News (USA)

Mennonite accused of smuggling lesbian’s daughter says he was ‘helping’

Mennonite accused of smuggling lesbian’s daughter says he was ‘helping’
Philip Zodhiates

BUFFALO, N.Y. (AP) — A Virginia businessman was being kind, not condemning homosexuality, when he helped a mother move her daughter out of the country and away from her ex-partner, his lawyer said Wednesday at the start of the man’s parental kidnapping trial.

Attorney Robert Hemley denied that Philip Zodhiates, of Waynseboro, was trying to obstruct the other woman’s parental rights, telling jurors he may not even have known what those rights were, when he drove Lisa Miller and 7-year-old Isabella Miller-Jenkins to the Canadian border in 2009, after Miller had renounced her homosexuality.

Miller and the girl crossed over the Rainbow Bridge in Niagara Falls and flew out of Toronto to Nicaragua, prosecutors said, where they have remained since.

Prosecutors said Zodhiates, owner of a direct mail business that serves conservative Christian groups, helped orchestrate Miller’s move when it became clear she was losing a yearslong custody battle to Janet Jenkins, with whom she’d entered a civil union in Vermont in 2000.

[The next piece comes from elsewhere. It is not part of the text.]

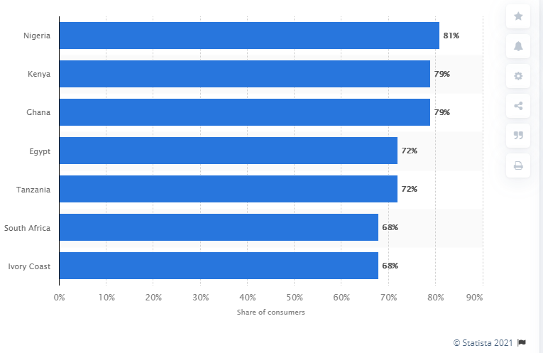 有研究表明,疫情促进了非洲电子商务的发展。Kantar的“2019冠状病毒病晴雨表调查”结果显示,在2020年8月,80%以上的女性在新冠疫情爆发后进行了电子商务购物,并且疫情过后,女性更有可能继续在网上购物。

After the two split up, Miller became an evangelical Christian and defied court orders granting Jenkins visitation with Isabella, prosecutor Paul Van De Graaf said during his opening statement. Miller, who gave birth to Isabella, left the country with her shortly before a court shifted custody to Jenkins.

Zodhiates, the prosecutor said, enlisted the help of a number of Mennonites in the United States and Nicaragua in arranging Miller’s trip and a place to stay when she arrived in the Central American nation.

“We’re here because the defendant intentionally acted to ensure that Lisa Miller and Isabella would get out of the country in order that Isabella would not have contact with Janet Jenkins,” Van De Graaf said as several members of the Mennonite community watched from the courtroom gallery.

Hemley called the discussion about homosexuality “a smokescreen.”

“This case is not about attitudes about lesbians or gays or same-sex marriage,” he said. “When someone asks for help, (Zodhiates) helps without regard to sexual orientation, without regard to religion or creed.”

Zodhiates has pleaded not guilty to federal charges of international parental kidnapping and conspiracy.

Miller has been charged with similar offenses but has not been arrested. Isabella is now 14.

One of the Mennonites, Kenneth Miller, of Stuarts Draft, Virginia, who is not related to Lisa Miller, was convicted in 2012 in Vermont of arranging the flight of Lisa Miller and Isabella. He is serving a 27-month prison sentence.

Zodhiates’ U.S. District Court trial is expected to last at least two weeks.